== What you have to do ==
All records, exactly as written, minus the pictures: copy them out.

== Exercise inputs ==
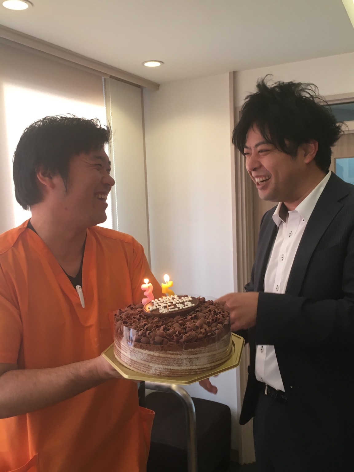 ケーキとプレゼントを持って直撃しました!(/・ω・)/(/・ω・)/
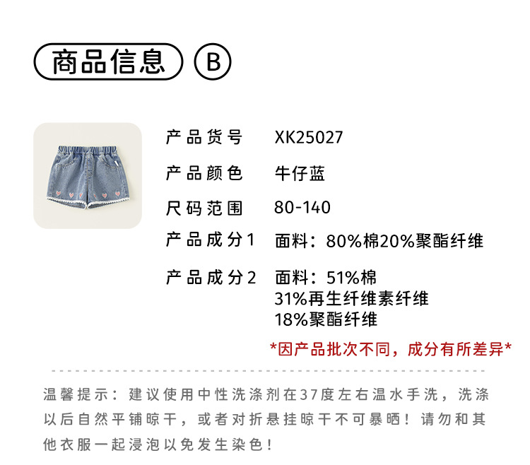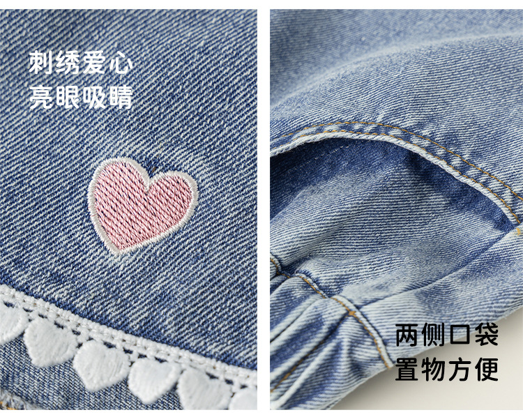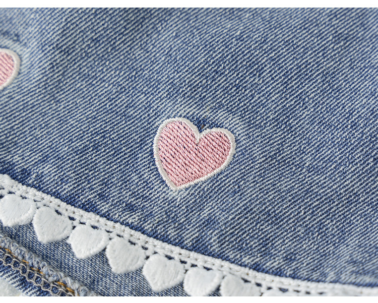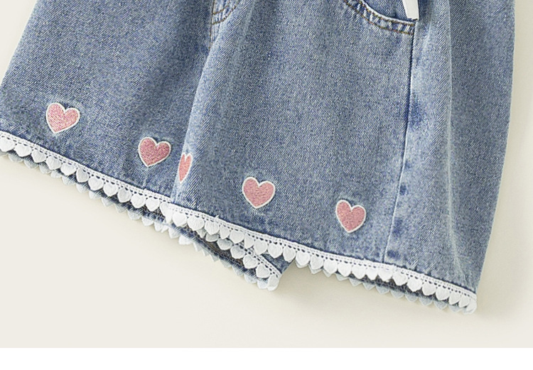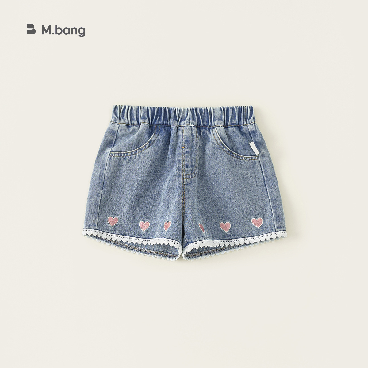 Yibao 아동복 여아 달콤한 반바지 2025 여름 신작 어린이 사랑 자수 얇은 데님 핫팬츠스토어 가기
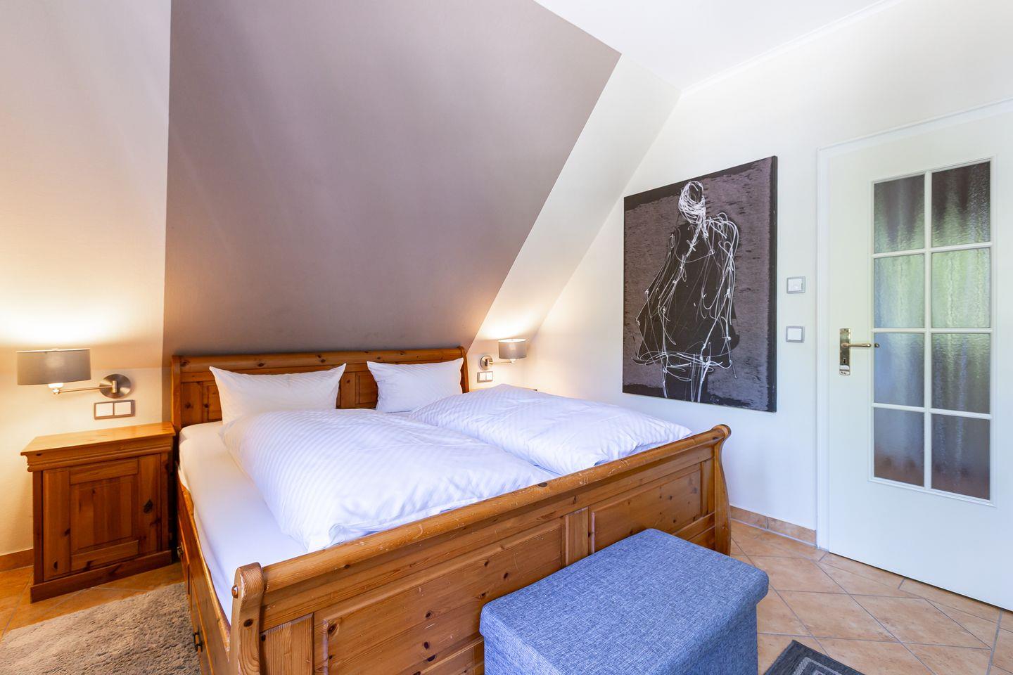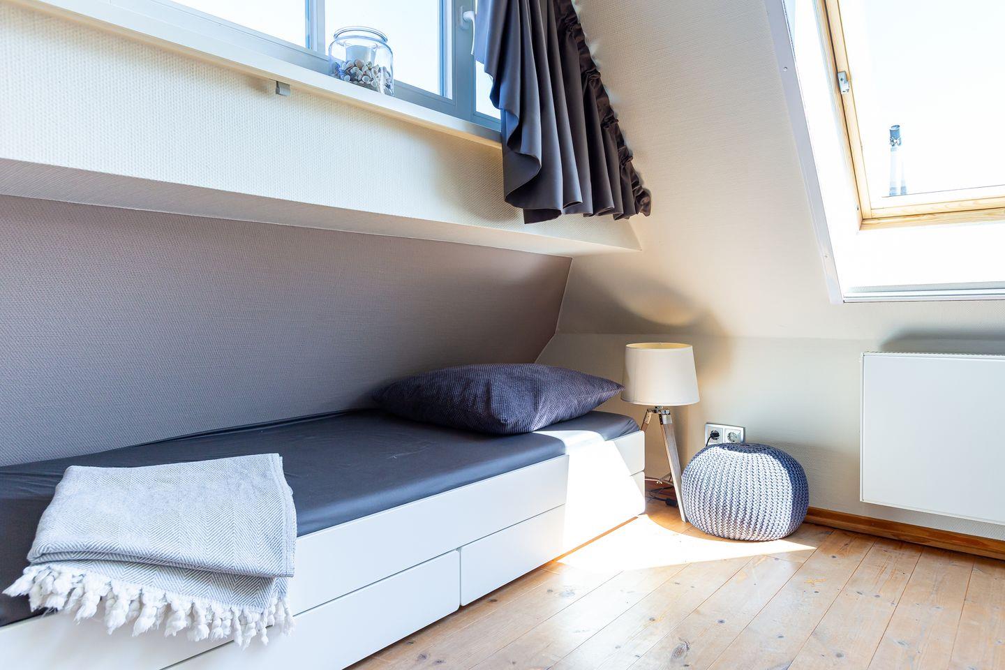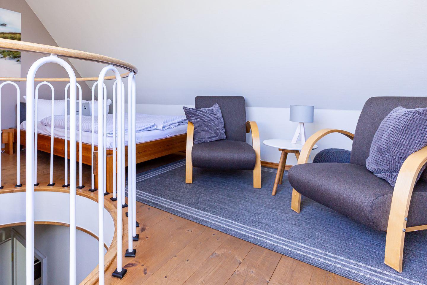 Ein zweites Schlafzimmer befindet sich im oberen Stockwerk, das über eine Wendeltreppe zu erreichen ist. Hier oben genießt man eine behagliche Atmosphäre unter dem Dach – perfekt als Schlaf- oder Rückzugsbereich.
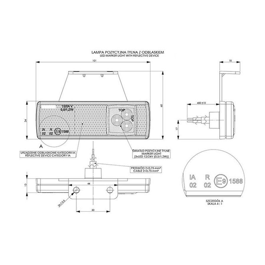 Боковой маркер со светоотражающим светодиодом оранжевый 12 / 24V L0458P
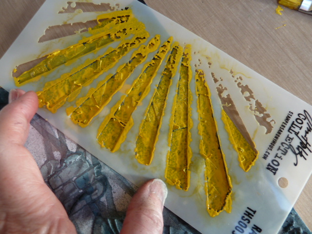 I had some ideas to play with. There were so many great textures at The Shard, cool brickwork, glass, metal etc. I created a textured background using texture paste and using lots of angular Shard - like and brickwork stencils.
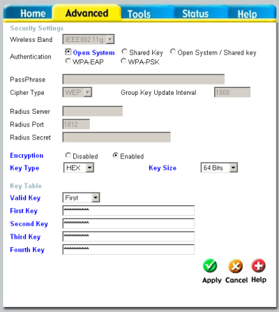 - Le second point est souvent renforcé par les équipementiers en proposant d'introduire non pas une seule clé, mais plusieurs, en indiquant simplement l'index de la clé actuellement utilisée. Autrement dit, l'administrateur pourra configurer les différents noeuds du réseau avec un ensemble de plusieurs clés (4 dans le cas du point d'accès utilisé ici) en indiquant quelle est actuellement la clé utilisée. C'est un complément de protection que ne vaut que si la clé active est souvent changée, et de façon aléatoire, autant que possible. Mais cette procédure de changement de clé active reste manuelle et doit être exécutée sur tous les nœuds du réseau.

== Task answer ==
 ケーキとプレゼントを持って直撃しました!(/・ω・)/(/・ω・)/
 Yibao 아동복 여아 달콤한 반바지 2025 여름 신작 어린이 사랑 자수 얇은 데님 핫팬츠스토어 가기
 Ein zweites Schlafzimmer befindet sich im oberen Stockwerk, das über eine Wendeltreppe zu erreichen ist. Hier oben genießt man eine behagliche Atmosphäre unter dem Dach – perfekt als Schlaf- oder Rückzugsbereich.
 Боковой маркер со светоотражающим светодиодом оранжевый 12 / 24V L0458P
 I had some ideas to play with. There were so many great textures at The Shard, cool brickwork, glass, metal etc. I created a textured background using texture paste and using lots of angular Shard - like and brickwork stencils.
 - Le second point est souvent renforcé par les équipementiers en proposant d'introduire non pas une seule clé, mais plusieurs, en indiquant simplement l'index de la clé actuellement utilisée. Autrement dit, l'administrateur pourra configurer les différents noeuds du réseau avec un ensemble de plusieurs clés (4 dans le cas du point d'accès utilisé ici) en indiquant quelle est actuellement la clé utilisée. C'est un complément de protection que ne vaut que si la clé active est souvent changée, et de façon aléatoire, autant que possible. Mais cette procédure de changement de clé active reste manuelle et doit être exécutée sur tous les nœuds du réseau.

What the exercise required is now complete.